Frequently asked questions

What is few-shot prompting?

Few-shot prompting includes a handful of example input-output pairs in the prompt so the model infers the desired pattern and format. It often improves accuracy and consistency on tasks where a clear example communicates intent better than instructions alone, at the cost of using more of the context window.

What is chain-of-thought prompting?

Chain-of-thought prompting asks a model to reason step by step before giving a final answer. Working through intermediate steps improves accuracy on multi-step reasoning, math, and logic problems. Many modern reasoning models do this internally, reducing the need to request it explicitly.

When should I fine-tune instead of refining prompts?

Refine prompts first — it is faster, cheaper, and reversible. Consider fine-tuning when you need highly consistent style or format that prompting cannot reliably enforce, or when shortening prompts on a high-volume task would cut cost and latency. For fresh facts, use retrieval rather than either.

Do prompts transfer between different models?

Often partially, but not perfectly. Models differ in how they interpret instructions, handle formatting, and respond to reasoning cues, so a prompt tuned for one model may need adjustment on another. Re-testing prompts when you switch models is good practice.

Context engineering

Context engineering is the discipline of assembling the right information, instructions, tools, and memory into a language model's context window so it produces accurate, grounded outputs.

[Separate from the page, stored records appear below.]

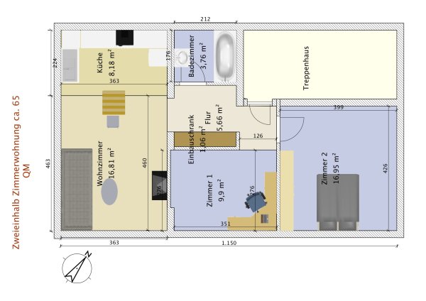 Die Mieteinnahmen betragen 660,- kalt, die monatl. Hausgeldzahlung beträgt 120,-. Ausserdem liegt eine Genehmigung für den Anbau eines 4m Balkons vor.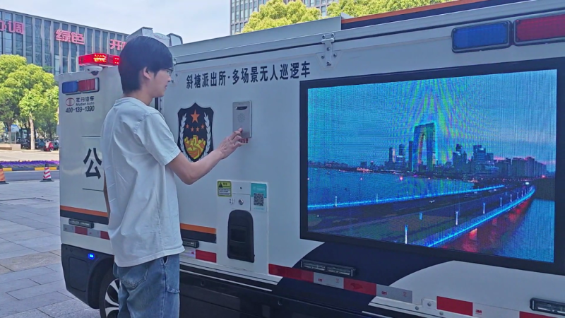 “游客朋友您好,我是園區(qū)公安智警小幺,正在執(zhí)行巡邏任務(wù),請(qǐng)注意安全。”近日,一輛藍(lán)白色的多場(chǎng)景無人巡邏車緩緩穿行在人群中,方正的車身搭載著LED顯示屏及廣播系統(tǒng),循環(huán)播放反詐宣傳等內(nèi)容,實(shí)現(xiàn)“動(dòng)態(tài)宣傳+精準(zhǔn)普法”的融合,酷颯的外觀下更是藏著滿滿的“高科技”。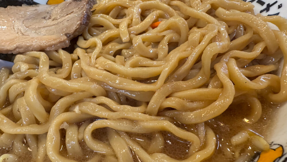 ▲麺は平打ち気味の中太麺。加水率高めですすり心地も良き。濃厚スープとマッチして美味。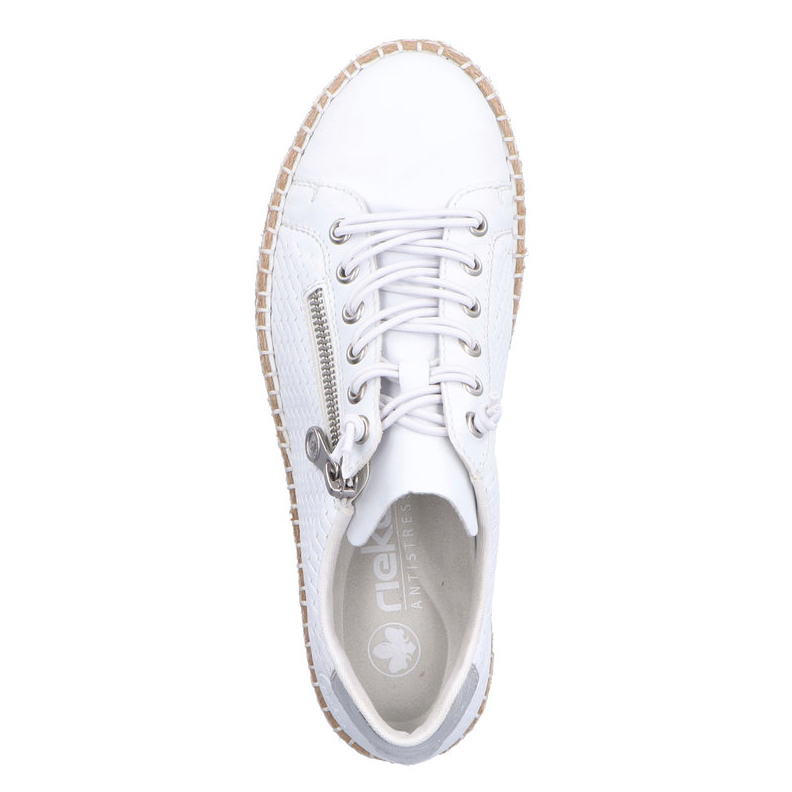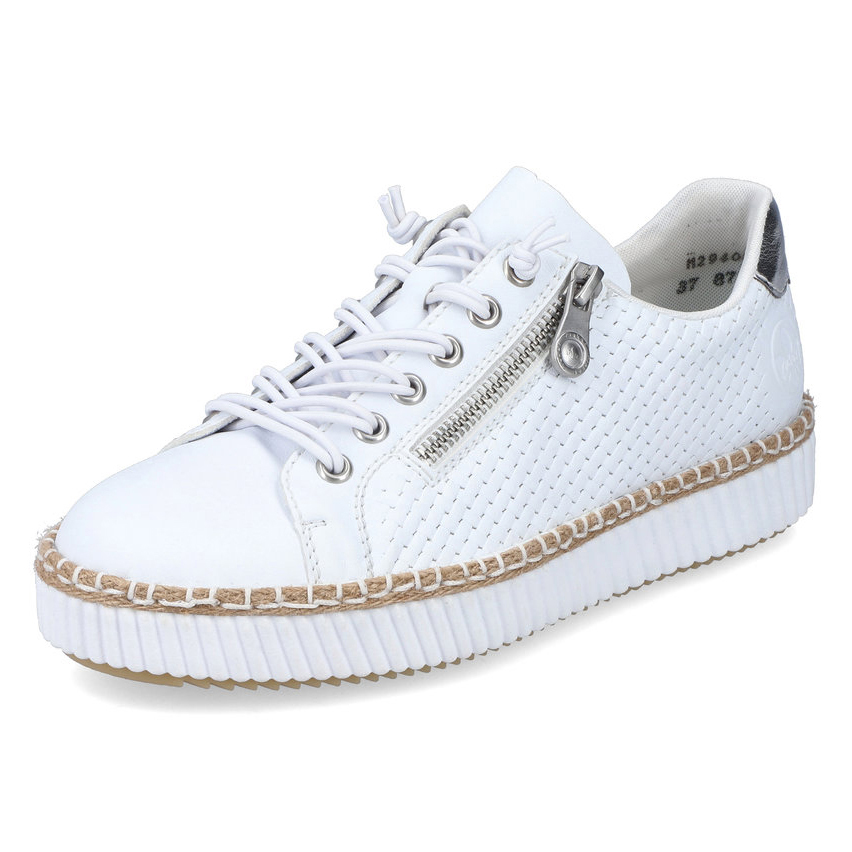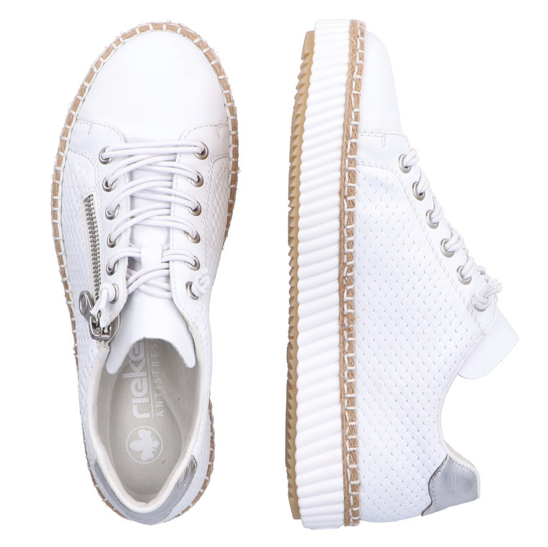 Stylové a pohodlné bílé dámské tenisky RIEKER M2940-80 jsou perfektní volbou pro každodenní nošení. Lehká konstrukce, pružná podrážka a měkká stélka zajišťují maximální komfort i při celodenním pohybu. Elegantní minimalistický design umožňuje snadné kombinování s různými outfity, od ležérních po sportovní. Tenisky jsou vyrobeny z odolných a snadno udržovatelných materiálů, zatímco protiskluzová podrážka poskytuje bezpečnost na různých površích. Ideální společník na procházky, nákupy nebo cestování – s modelem RIEKER M2940-80 budete vypadat stylově a cítit se pohodlně po celý den.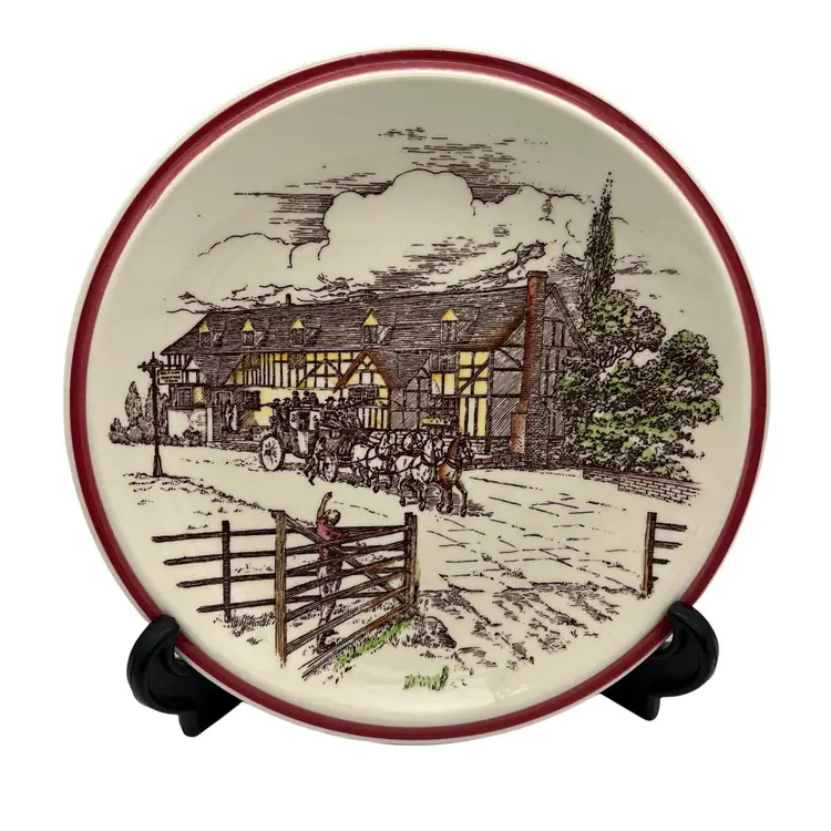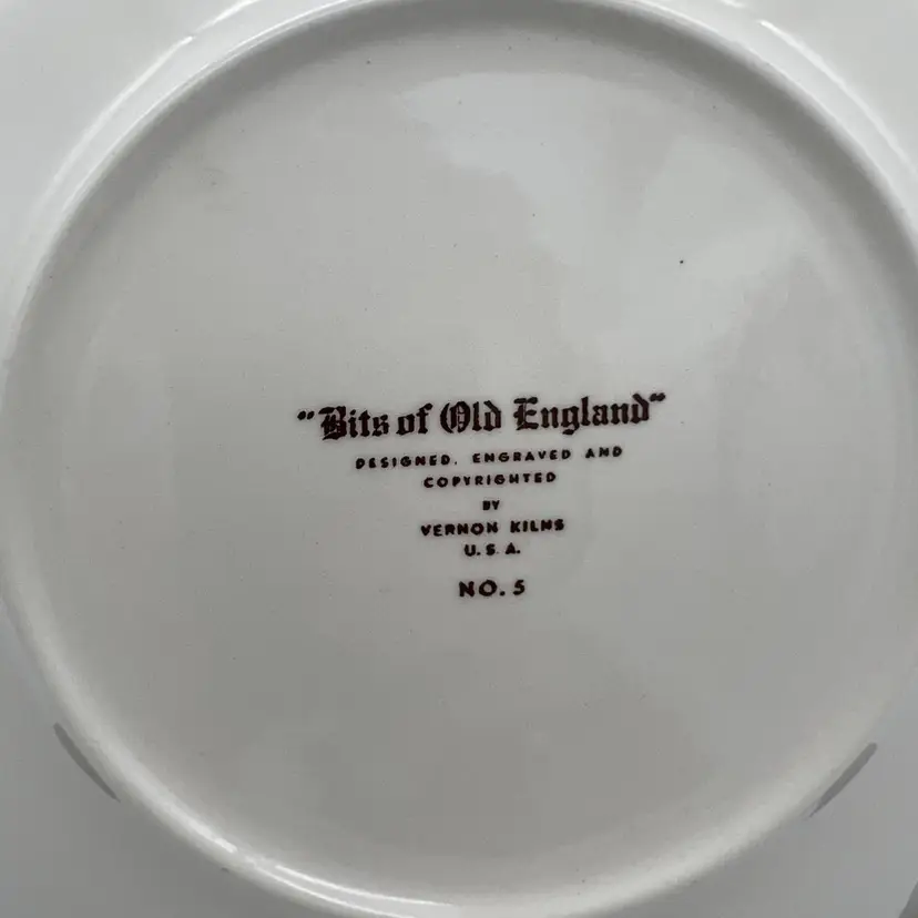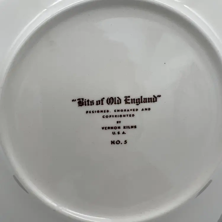 Vintage "Bits of Old England" collectible plate from Vernon Kilns. It is plate number 5 in the series. The plate measures approximately 8 1/4" across. Made in the USA.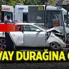 Nedeni henüz belirlenemeyen kazada otomobil, Binkonutlar tramvay durağının girişine çarptı. Bir yaralının olduğu söylenen kaza hakkında araştırmalar sürüyor.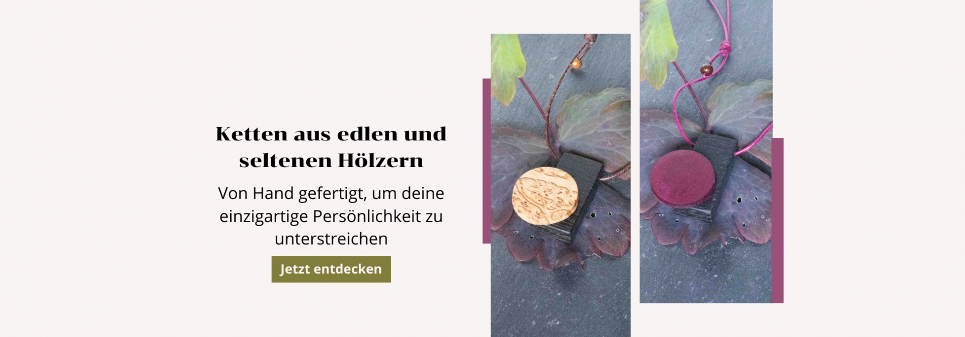 Sind Sie also auf der Suche nach einer einzigartigen Halskette aus Holz, Holzohringen oder Arbändern aus Holz und Edelsteinen, bei HolzSINNfonien finden sie sicher etwas, dass ihrem Geschmack entspricht oder mit dem Sie einem lieben Menschen eine besondere Freude machen können.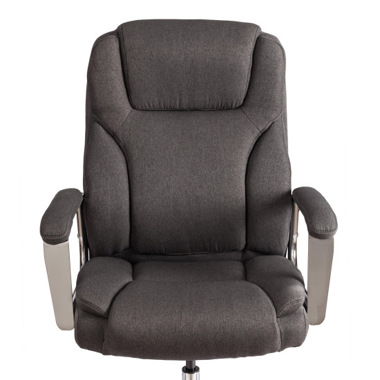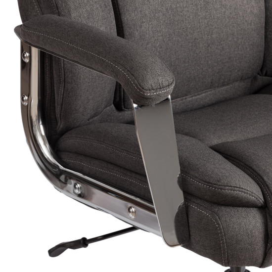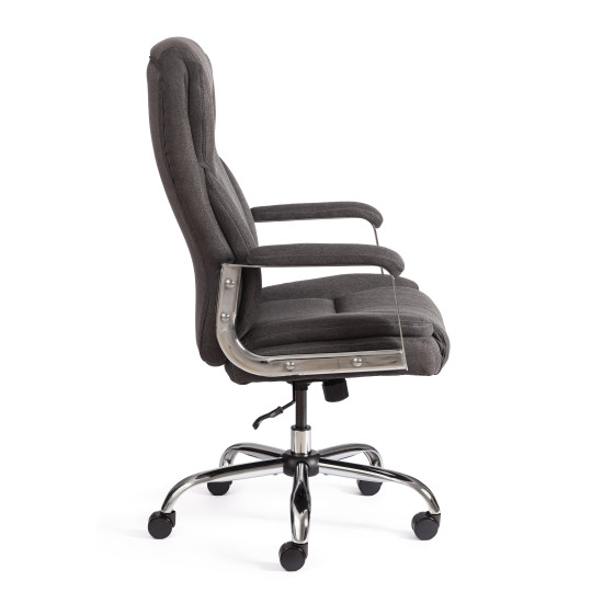 Кресло Appolon – стильное кресло для руководителя. Кресла предназначено для домашнего кабинета или стильного кабинет в офисе, с повышенной нагрузкой до 180 кг, с комфортной посадкой за счет использования пружинных блоков в сиденье. Рассмотрим его ключевые характеристики: 1. Основная конструкция: Основание кресла выполнено из 5-лучевой стальной крестовины с хромированным покрытием, крестовина разборная. Диаметр крестовины составляет 700 мм, что обеспечивает устойчивость и надёжность кресла. Крестовина прошла тест BIFMA, то есть выдерживает на испытаниях статическую нагрузку 1136 кг. 2. Ролики: Кресло оснащено полиуретановыми (прорезиненными) роликами увеличенного размера (диаметр 60 мм), которые подходят для использования на паркетных и ламинированных полах. Шток роликов имеет диаметр 11 мм и соответствует тесту BIFMA (не менее 100 000 циклов при испытаниях). 3. Газовый лифт: Газовый лифт 4 класса (наивысший) позволяет регулировать высоту кресла на 80 мм, что обеспечивает комфортную настройку под большой диапазон ростов пользователей. 4. Механизм качания: усиленный механизм с толщиной стали 3 мм (+20% стандартной толщины стали обычного качественного механизма). Он позволяет изменять высоту сидения и угол наклона до 15 градусов с возможностью фиксации в одном рабочем положении. Кроме того, предусмотрена регулировка жесткости качания с помощью винта под передней частью сиденья. 5. Подлокотники: Фиксированные стальные подлокотники с хромированным покрытием и мягкими накладками обеспечивают дополнительный комфорт. В местах сварки использована покраска под серебро. 6. Наполнение и каркас: Сиденье и спинка выполнены из новой (первичной) фанеры толщиной 15 мм, класса эмиссии Е1, с дополнительным пружинным блоком для удобства. Поролон плотностью 30 кг/м³ обеспечивает долговечную эксплуатацию. 7. Обивка: Обивка выполнена из ткани рогожка с износостойкостью не менее 20,000 циклов по тесту Мартинедейла, что свидетельствует о долговечности материала. 8. Вес: Вес кресла составляет 21,8 кг (нетто) и 24,8 кг (брутто). Обычное кресло как правило весит 15 кг, в данном случае увеличенный вес кресла говорит о повышенной материалоемкости и подтверждает способность кресла выдерживать значительные нагрузки. 9. Подголовник: Интегрированный в спинку подголовник нерегулируемого типа обеспечивает дополнительную поддержку спины при использовании. 10. Нагрузка: Кресло предназначено для пользователей весом до 180 кг, конструктив кресла и качество используемых материалов делает его подходящим для большинства пользователей. Данные характеристики делают кресло Appolon отличным выбором для пользователей, ищущих качественное кресло с повышенной нагрузкой для длительного офисного или домашнего использования, обеспечивая как комфорт, так и стиль.

It broadens prompt engineering beyond wording to the whole question of what gets retrieved, included, ordered, and excluded at inference time.

Few-shot learning

Few-shot learning is the ability of a model to learn a new task from just a handful of examples, typically two to ten, provided directly in the prompt rather than through retraining. By showing the model a few input-output pairs, you steer it toward the desired format and behavior. It is a core technique in prompt engineering with modern language models.

Chain of thought (CoT)

Chain of thought is a prompting technique that improves a model's reasoning by encouraging it to work through a problem step by step before giving a final answer. Making intermediate reasoning explicit helps models handle multi-step math, logic, and planning tasks more reliably. Once a hand-written prompting trick, chain-of-thought reasoning is now built directly into reasoning models that think before they respond.

AI fine-tuning

AI fine-tuning is the process of taking a pre-trained model and training it further on a smaller, specialized dataset so it adapts to a specific task, domain, tone, or format. It adjusts the model's existing weights rather than training from scratch, producing outputs that better match a brand's requirements or a narrow use case at lower cost than full training.

Retrieval-augmented generation (RAG)

Retrieval-augmented generation (RAG) is an AI architecture that gives a large language model real-time access to external documents at query time — retrieving relevant passages from a vector database or search index and inserting them into the model's context before it generates a response. RAG is the foundation of modern AI search and the most effective technique for reducing hallucination.

Context window

A context window is the maximum amount of text, measured in tokens, that a language model can consider in a single interaction — including the prompt, retrieved documents, conversation history, and the model's own output. Frontier models in early 2026 reach context windows of roughly a million tokens, enabling long documents and rich grounding.